It should be understood that the structures, proportions, sizes, etc. shown in the drawings are for illustration purposes only and should not be construed as limiting the scope of the present disclosure, since any structural modifications, proportional changes, or dimensional adjustments made by those skilled in the art should not be made in the present disclosure without affecting the efficacy or achievement of the present disclosure.
In the description of the present invention, the liquid storage tube and the color taking dish may be made of hard materials such as glass and quartz, or soft materials such as plastic, and different materials may be selected according to practical situations; the type of filter paper can be selected according to actual conditions.
Example 1
Referring to fig. 1-7, an embodiment of the present invention provides a rapid analyzer for soil nitrogen and phosphorus content based on a spectrocolorimetry, including: a rapid analyzer body 1; a touch display screen 23 is arranged in front of the front surface of the rapid analyzer body 1; the bottom of the opening of the rapid analyzer body 1 is movably fixed with a suction filtration tank 3, the upper part of the suction filtration tank 3 is provided with an exhaust port 9, and the side surface of the suction filtration tank 3 is provided with a suction filtration port 21; the six groups of suction filtration ports 21 are horizontally distributed at equal intervals and correspond to the positions of the limiting holes 7; the limiting device 4 is arranged at the opening of the rapid analyzer body 1; the limiting device 4 comprises a limiting sliding rail 5 and a limiting plate 6; the limiting slide rail 5 is in a circular ring shape, is provided with a slot in the middle, and has the thickness equivalent to that of the limiting plate 6; six limiting holes 7 are formed in the limiting plate 6 near the edge at equal intervals and play a role in fixing the sampling device 16; the sampling device 16 comprises the suction filter funnel 17 and the sampler 18; the sampler 18 comprises the liquid storage tube 19 and a color-taking dish 20, and a suction filter port 21 is arranged at the upper part of the outer side of the sampler so as to accelerate the filtering process of the suction filter funnel 17; the liquid storage tube 19 is communicated with the color taking dish 20 for rapid sampling; the rapid analyzer body 1 is internally provided with the optical channel 10, and the optical channel 10 comprises the light emitter 11 and the receiver 23; the shadowless light source 12 is arranged in the illuminator 11 to play a role in eliminating lamp shadows; the prism 14 is arranged at the opening of the illuminator 11 to play a role in screening the needed light source; the shadowless light source 12 comprises a lamp shade 15 and a halogen lamp bead 24, and plays a role of a converging light source.
As a preferred embodiment, the color-taking dish 20 should be centered between the light emitter 11 and the receiver 23.
In fig. 5-6, the sampler 18 can be replaced by matching the limiting hole 7 with the sampling device 16, so that the use convenience of the invention is effectively improved.
When the invention is implemented, the suction filter funnel 17 is inserted into the upper opening of the sampler 18 to form the sampling device 16, then the sampling device 16 is fixed in the limiting hole 7 closest to the illuminator 11, the sampling device 16 is connected with the suction filter opening 21 on the suction filter tank 3 by using the rubber tube, an operator firstly places a piece of filter paper on the upper opening of the suction filter funnel 17, then the mixture of the sample and the leaching liquor is poured into the suction filter funnel 17, the touch display screen 23 is operated, the suction filter tank 3 pumps out the air in the liquid storage tube 19, the liquid phase in the mixture of the sample and the leaching liquor rapidly flows into the liquid storage tube 19 and the color-taking dish 20, the operator operates the touch display screen 23, the halogen lamp beads 24 emit light, pass through the color-taking dish 20 and converge on the receiver 23, and the touch display screen displays the measured data this time, thereby achieving the purpose of rapidly measuring the content of nitrogen and phosphorus in the soil sample.

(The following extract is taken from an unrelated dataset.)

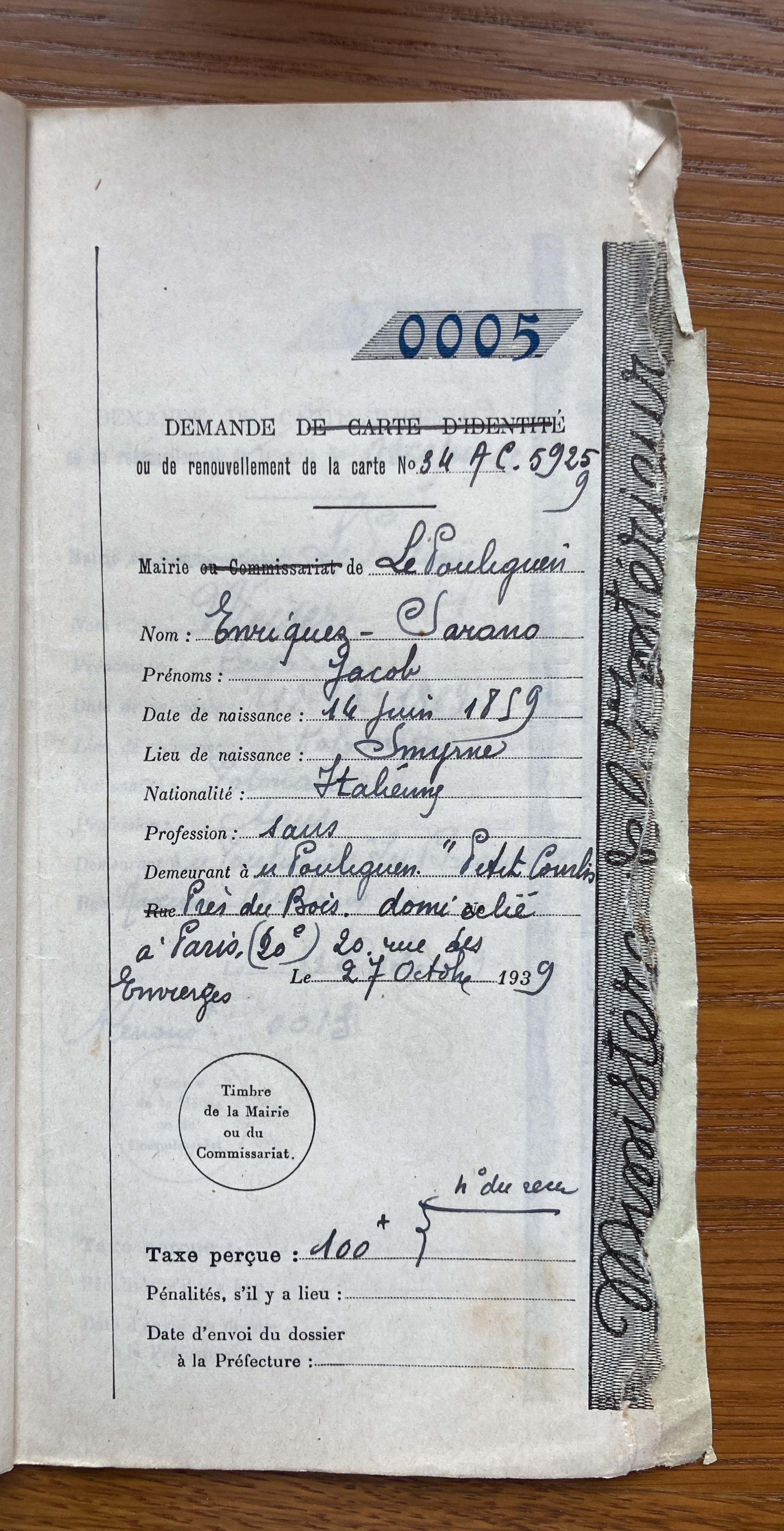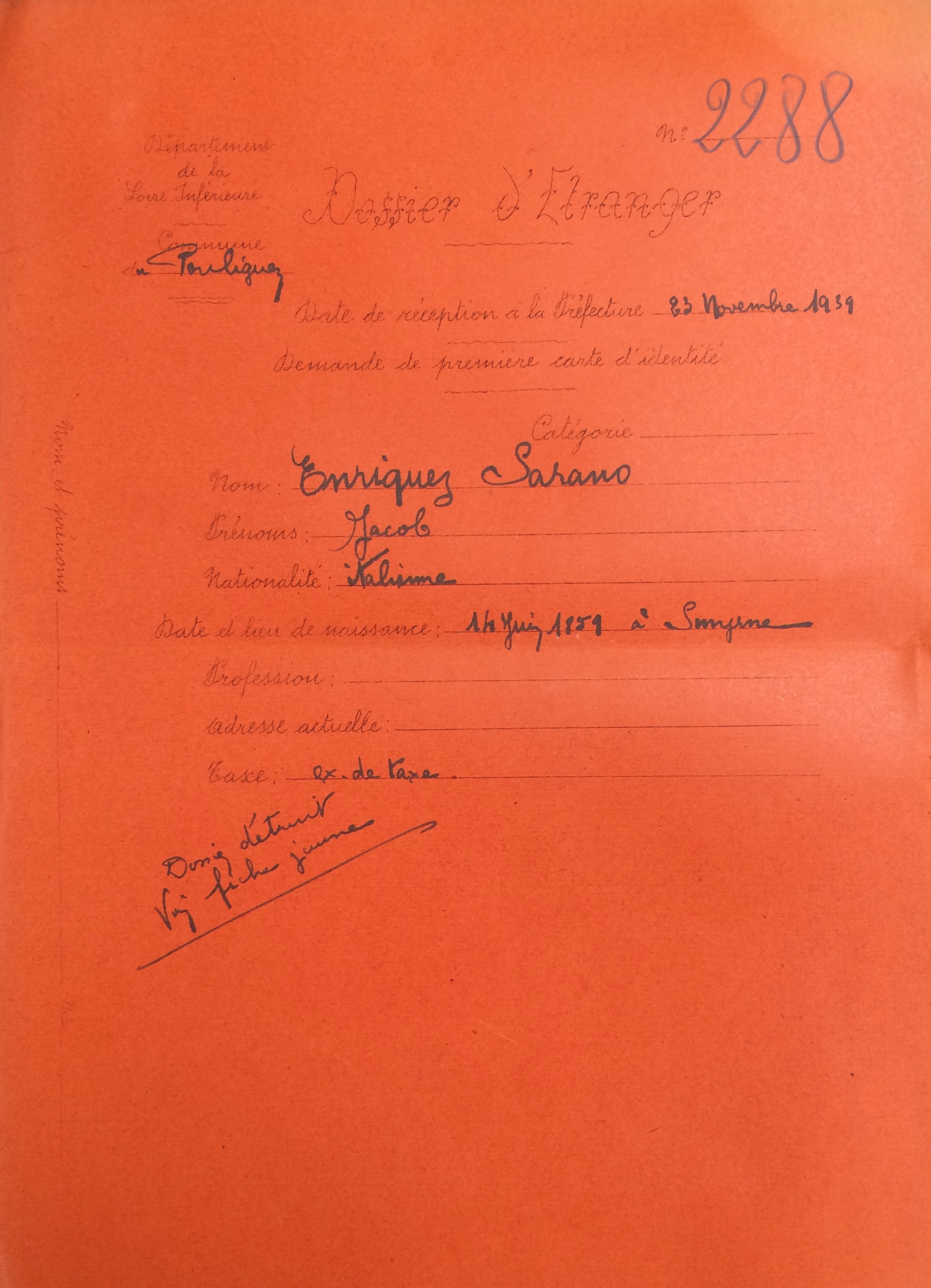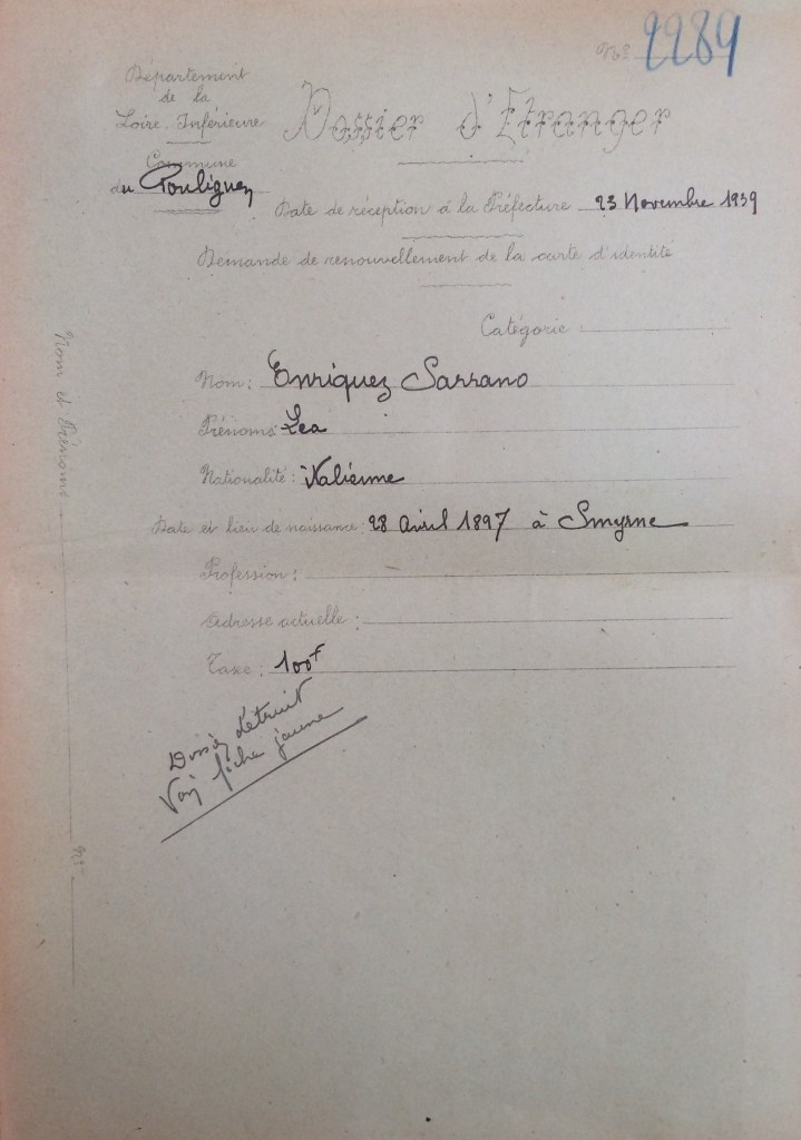 En octobre 1939, ils effectuent une demande de renouvellement de carte d’identité pour étrangers auprès de la mairie du Pouliguen, demande transmise à la Préfecture de Loire-Inférieure.
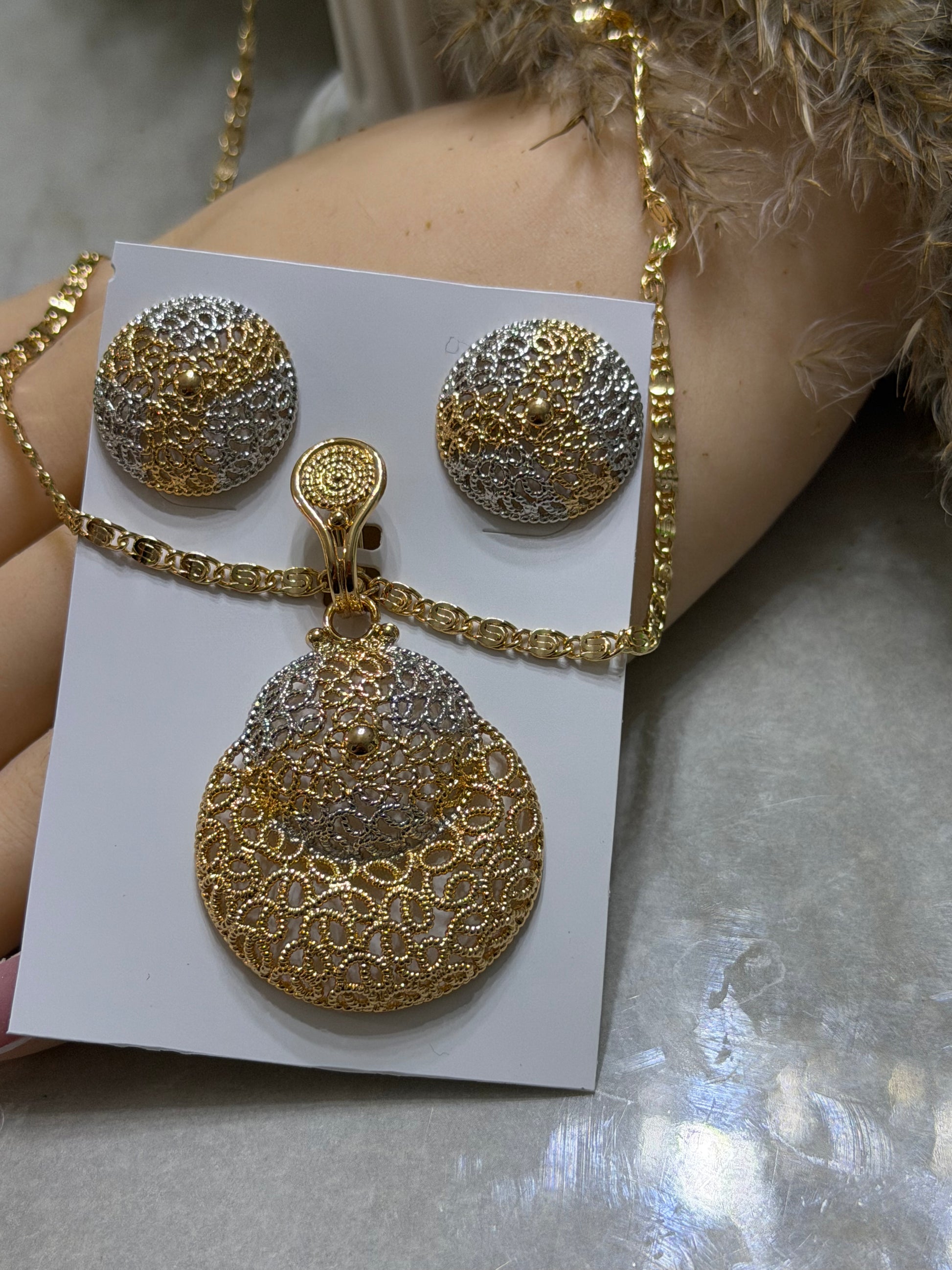 Set de aretes, cadena de 22” con dije.

As a preferable scheme of the first embodiment, after the measurement is finished, the filter paper and the sampler 18 in the suction filter funnel 17 should be replaced, and then the next group of samples is measured, so as to ensure the accuracy of the measurement.
Example two
As shown in fig. 1 to 7, on the basis of the first embodiment, a plurality of sampling devices 2 are simultaneously placed in different limiting holes 7, on the basis of the first embodiment, the touch display screen 23 is operated after the suction filtration is completed, the limiting plate 6 and the suction filtration tank 3 rotate in sequence, and the rest principles are the same as those of the first embodiment, so that a plurality of groups of sample data are measured at one time.
The above examples merely illustrate specific embodiments of the invention, which are described in greater detail and are not to be construed as limiting the scope of the invention, it being understood that variations and modifications can be made by those skilled in the art without departing from the spirit of the invention.
Claims (6)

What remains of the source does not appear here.